Мечтатель немного изменил ту позу камня.
Когда Несознания скрупулезная работа была завершена,
И Случай принужден застыть законом неизменным,
Сцена была поставлена для сознательной игры Природы.
Затем был потревожен Духа неподвижный, бессловесный сон;
То Сила, оковы, тупо сокрушая, неторопливо выходила.
В сердце Материи греза жизни пробудилась,
И воля жить двигала пыль Несознания,
Жизни каприз повел незаполненное Время,
Эфемерный, в вечности пустой,
И бесконечно малый в мертвой Бесконечности.
Дыхание более тонкое ускорило мертвой Материи формы;
Ритм мира изменился к сознательному крику;
Сила Змеиная слилась с неощутимой Силой.
Космос безжизненный усеяли жизни острова
И эмбрионы жизни сформировались в воздухе бесформенном.
Родилась жизнь, что следует Материи закону,
Своих шагов не ведая, мотивов;
Всегда изменчивая, но вечно та же,
Свой повторяла парадокс, что ей рождение дало:
Свои беспокойные и неустойчивые стабильности
В потоке Времени повторялись непрерывно
Движения целенаправленные в не думающих формах
Предавали небесное начало заключенной Воли.
И пробуждение, и сон лежали заключенные во взаимные объятья;
Неясны и беспомощны, пришли удовольствие и боль
Дрожащие в первом, едва заметном трепете Мировой Души.
А сила жизни, что крикнуть не могла иль двинуться,
Все же прорвалась в красоту, обозначающую некий восторг глубокий:
Невыразимая чувствительность,
Толчки сердца незнающего мира,
Бежали сквозь этот ступор дремы и вызывали там
Неясную, неуверенную дрожь, блуждающий ритм,
Раскрытие смутное, как тайные глаза.
Младенческое само – ощущение росло, и было рождено рождение.
И пробудилось Божество, но члены его спящие лежали;
Ее дом отказался раскрыть запечатанные двери.

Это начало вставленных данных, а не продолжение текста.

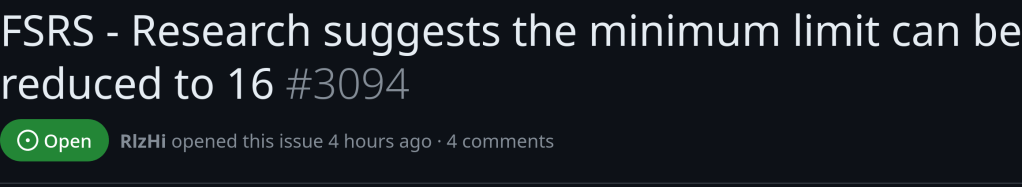 1000 reviews are currently necessary to perform an optimization of FSRS parameters. However new data suggest that this limit could be as low as 16.
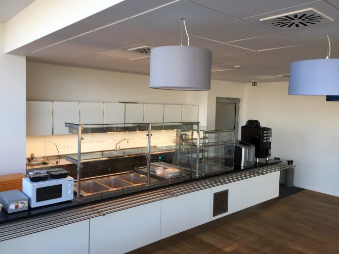 Von der Firma Witzenmann wurden wir mit der Planung des Betriebsrestaurants ihres neuen Gebäudes beauftrag. In der Ausgabe wurden Warmtheken und Kaltvitrinen auf kleinem Raum optimal konzipiert. Die Spültechnik wurde im Rückbereich integriert.

Неощутимая для наших глаз, что видят только форму,
Действия, но не Бога заключенного в них,
Скрывала жизнь в своем оккультном пульсе взрастания и силы
Сознание с немым, полузадушенным биением чувств,
Ум подавляемый, что еще мысли не изведал,
И дух инертный, что мог лишь быть.
Вначале, она не повышала голос, и не отваживалась на движение:
И наделенная силой мировой, инстинктов с усилием живущим,
Она только цеплялась своими корнями за землю безопасную,
Дрожала тупо от потрясения луча и ветра
И выпускала щупальца желаний;
Та сила – в ее стремлении к свету, к солнцу
Не ощущала тех объятий, что сотворили ее дыхание и жизнь;
И поглощенная, оттенками и красотой удовлетворенная, грезила она.
И, наконец, Необъятность очарованная, вперед взглянула:
Возбуждена, вибрируя, голодная, она уловила ум;
Затем, медленное чувство задрожало, и выступила мысль;
Форму ленивую она принудила расти сознательно.
Из формы сознательной была высечена магия;
Вибрации транса придали ритм быстрого отклика,
И светлые, волнующие, они взбодрили мозг и нерв,
В Материи пробуждая духовную тождественность
И в теле освещали чудо
Любви сердечной и души свидетельствующий взор.
Гонимые незримой волей, они могли прорваться в
Фрагменты становления импульса обширного
Живые отблески, какой то тайной самости,
И те сомнительные семена, и форм усилие быть
Пробуждались из несознательного обморока в вещах.
Животное творение бегало и ползало,
Летало и взывало между небом и землей,
От охотящейся смерти, еще надеясь жить,
Довольное, всего лишь возможностью вздохнуть.
Из зверя изначального затем был сформирован человек.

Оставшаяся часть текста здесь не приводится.